When a tenant rents a property from a landlord, the terms governing that tenancy should be in writing and signed by both parties. The written tenancy agreement is known as a lease.

“Part 4” Tenancy

Part Four Tenancies are so called by means of reference to Part Four of the Residential Tenancies Act 2004 which deals with security of tenure. You can view the Act by clicking on the above link. Once a tenant has been in situ for a continuous period of six months, they accrue security of tenure rights that mean they can only be served with notice to quit under certain circumstances, as prescribed in the Act. These circumstances are covered in more detail below.

Fixed Term Lease

A fixed term lease is, as the name suggests, a tenancy agreement that has a prescribed start and end date. It is worth noting however, that a Part Four tenancy runs alongside such a tenancy. For example, if a 12 month fixed term lease is signed with a tenant, they accrue Part Four rights after six months and so will not be obliged to vacate the property after 12 months, regardless of what the lease says.

Periodic Tenancy

A periodic lease / tenancy is one without a prescribed end date. The vast bulk of tenancies in Ireland are periodic i.e they have no predefined end date. The landlord can only terminate under certain circumstances. The tenant can terminate at any point but must give sufficient notice. The notice required to be given to the landlord from the tenant is outlined in the below table.
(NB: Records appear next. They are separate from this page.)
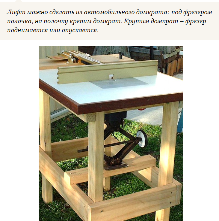 Мне то же понравилась идея с авто домкратом. Нагрузки по регулировке и поднятию фрезера - небольшие, а значит вполне возможен вариант использования самодельной конструкции из буковых (дубовых) брусков, листа строй.фанеры и прутка с нарезанной на нем резьбой.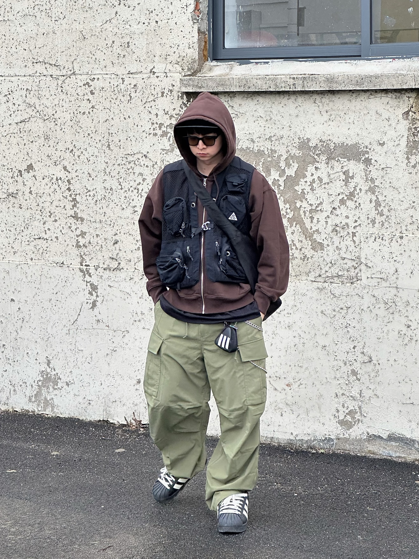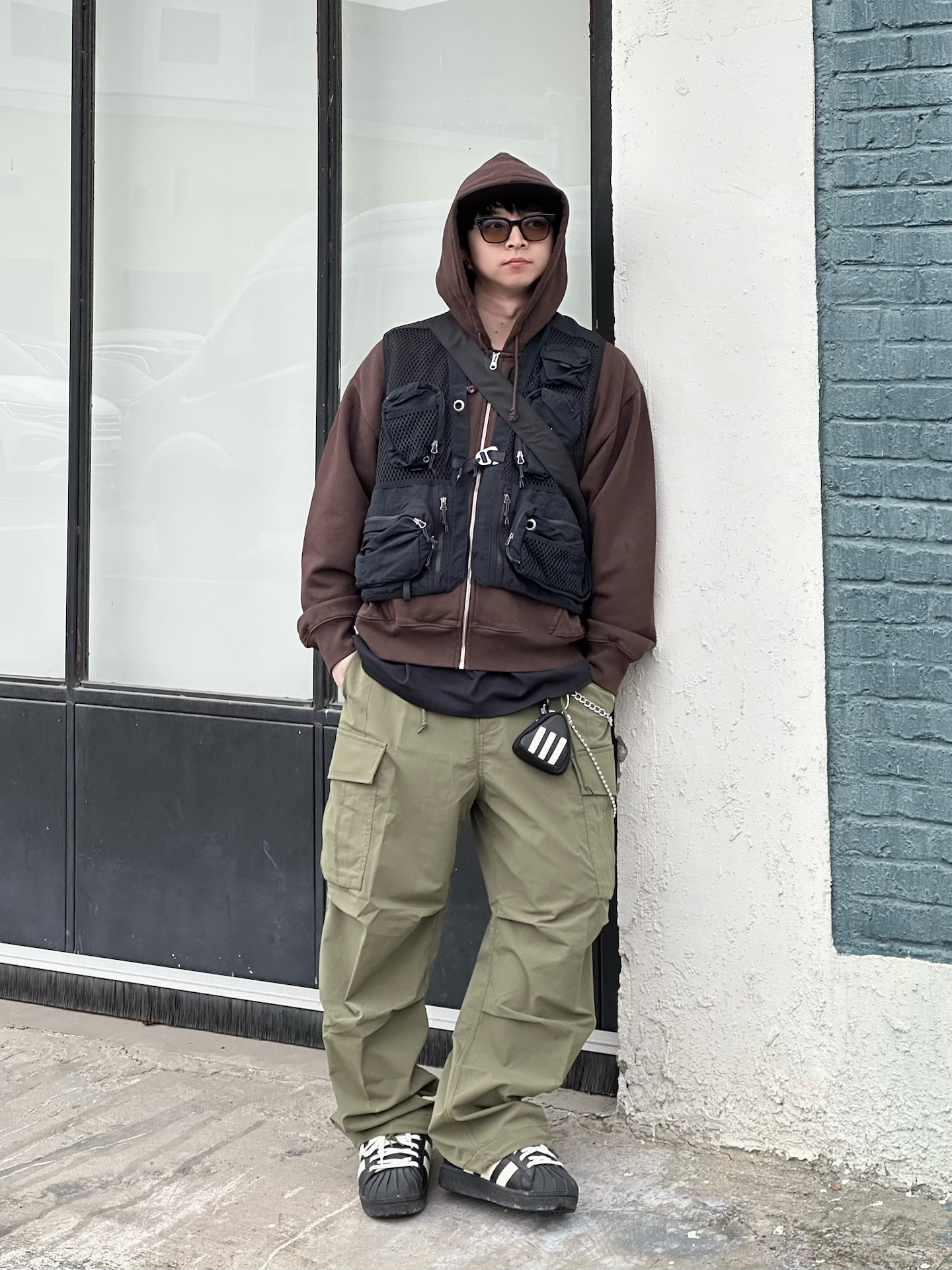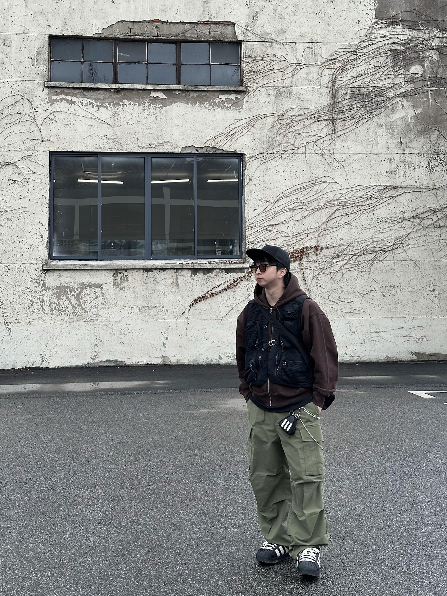 哈喽👋🏻大家好哇 这里是🪨石地夫的穿搭小日记📝 - - 深咖连帽卫衣叠穿黑色多口袋机能马甲,层次感瞬间有了👍🏻 - 军绿多袋工装裤,宽松直筒版型修饰腿型,裤腿的立体口袋很实用,走路带风🍃 - 脚踩菲董贝壳头面包鞋,整体配色简单又高级,日常出街、citywalk穿它,舒适度和时尚度全拿捏🤏🏻 - 早春就这么穿,低调又吸睛👀 #裤子选的好穿搭没烦恼 #10s学会穿搭技巧 #潮人的春天来了 #一件...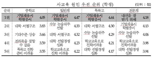 이들은 공통적으로 수능 논술 위주 대입(4.39~4.40점), 기업채용시 학벌 중시(4.12~4.36점), 내신을 잘 받기 위한 것(4.22~4.24점), 대학선발 경쟁 심화(4.24~4.27점), 대학 서열 구조(4.21점), 학교 교육으로는 진학이 어려움(3.93~4.25점) 등을 지적했다.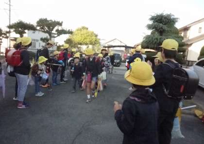 あいさつ運動の取り組みで、門に立って、登校してくる子たちに挨拶をしました。手話を使って、元気に挨拶をしていました。
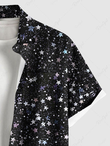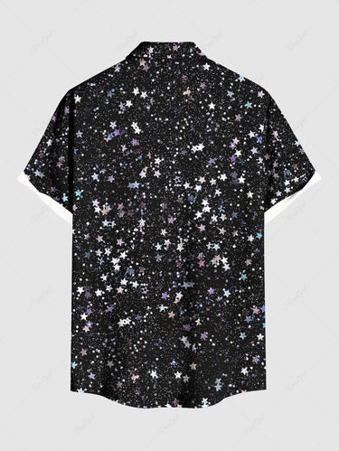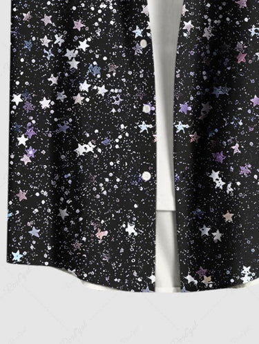 Gothic Plus Size Stars Galaxy Print Button Pocket Shirt For Men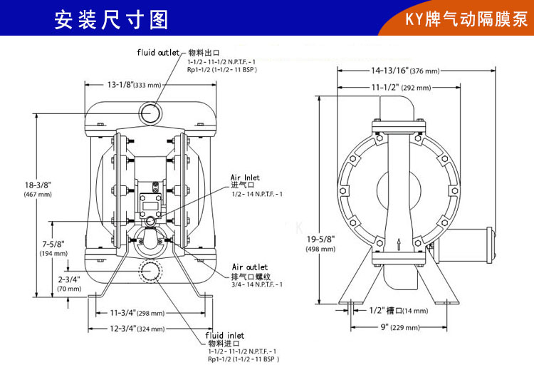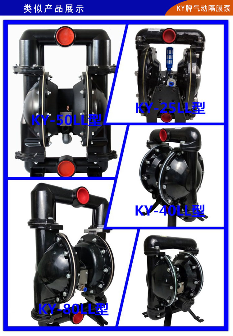 2)、KY-40LL大流量氣動泵整體構造上更加優化,泵腔和主管路都有明顯加強,自吸功能和流量揚程都有很大改善。

Duration of a tenancy Tenants notice periods
Less than 6 months 28 days
6+ months, but less than 1 year 35 days
1+ year,but less than 2 years 42 days
2+ years,but less than 4 years 56 days
4+ years,but less than 8 years 84 days
8+ years 112 days

Security of Tenure

The Residential Tenancies Act gave tenants who have security of tenure the right to remain in the property for a period of four years. The Planning and Development (Housing) & Residential Tenancies Act 2016 extended this four year period to six years, as part of the Irish Government’s ongoing efforts to prioritise tenant rights over those of landlords. Tenancies created between December 24, 2016 and 10 June, 2022 will benefit from this six year period. From 10 June, 2022 tenants in situ for six months will be entitled to a tenancy of unlimited duration i.e. the tenant will be entitled to stay in the property indefinitely unless the landlord terminates for one of the permitted reasons.
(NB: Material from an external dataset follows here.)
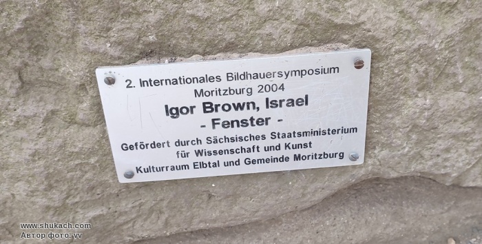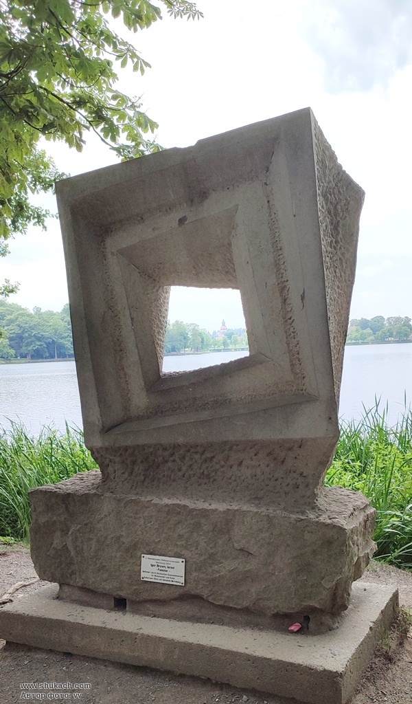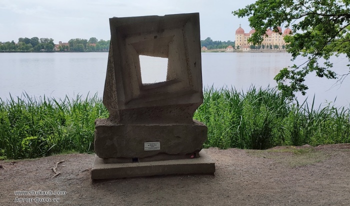 Скульптура „Fenster“ (Skulptur „Fenster“) автора з Ізраілю. Казковий замок Моріцбург виглядає біля скульптури по іншому.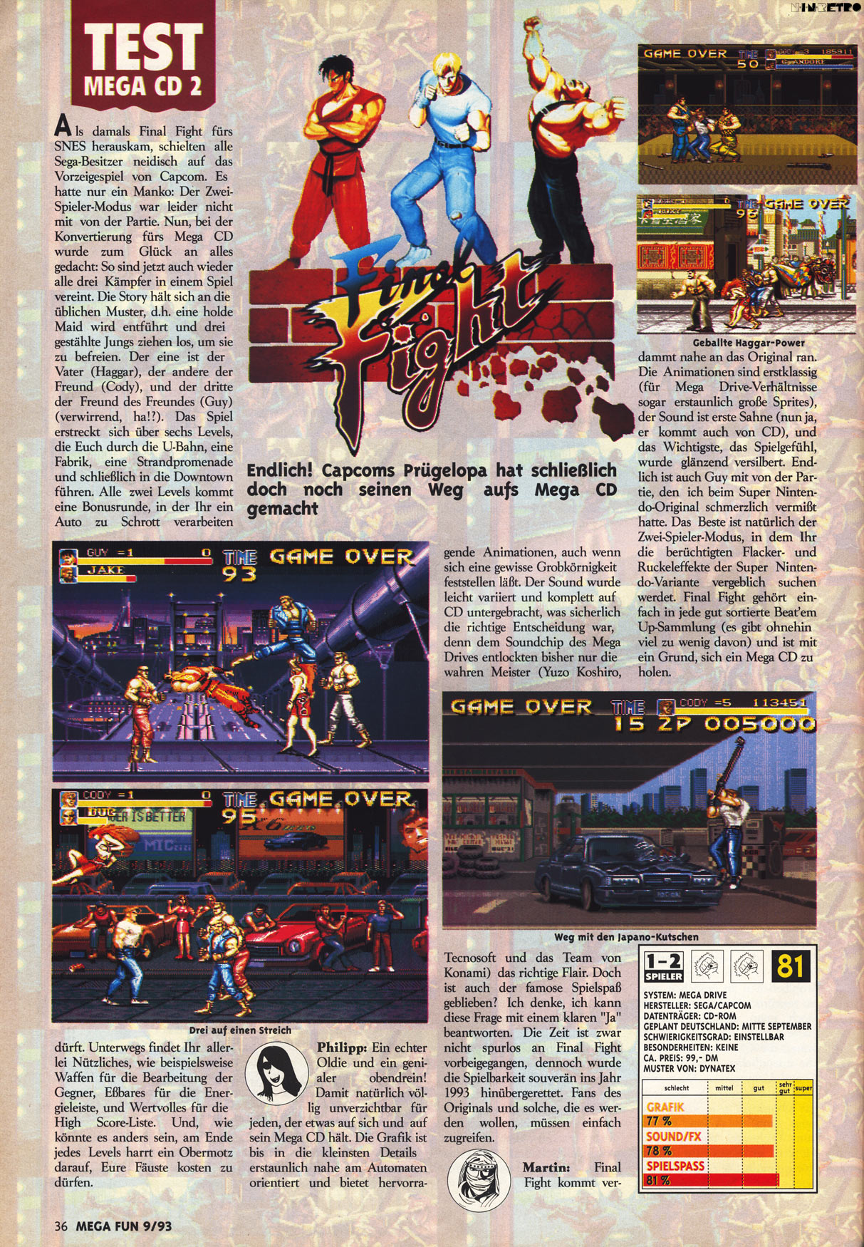 Unter allen Final Fight Ports ist das hier der beste. Der Arcade-Automat kam 1989 in die Spielhallen, diese Version hier erschien 1993. Es ist eine gute Umsetzung. Die 80iger Musik kommt mal richtig gut rüber und paßt zum Setting. Es ist ein gutes Beat´em Up...mehr aber auch nicht. Zu zweit macht es genauso viel Laune wie Double Dragon oder Streets of Rage. Mir gefällt es.

The ongoing rebalancing of rights away from landlords in favour of tenants has led to an exodus of small, private landlords from the market. An argument could be made that by making the regulatory environment increasingly hostile for landlords, the government is in fact depriving tenants of much needed supply. Tenants would argue that these measures are long overdue and that landlords are well remunerated for their troubles in the form of high rents.

Bases on Which a Part Four Tenancy can be Terminated

Further details can be found in the Act itself but the reasons under which a Part Four tenancy can be terminated are as follows:

  • 1. Tenant has failed to comply with his or her obligations under the tenancy e.g. rent arrears, anti-social behaviour.
  • 2. The dwelling is no longer suited to the needs of the tenant & any persons residing with him or her.
  • 3. The landlord intends to sell the property.
  • 4. The landlord or a family member intends to live in the property.
  • 5. The landlord intends to carry out substantial refurbishments of the dwelling.
  • 6. The landlord intends to change the use of the dwelling.

The notice period that the landlord must give to the tenant is outlined in the below table.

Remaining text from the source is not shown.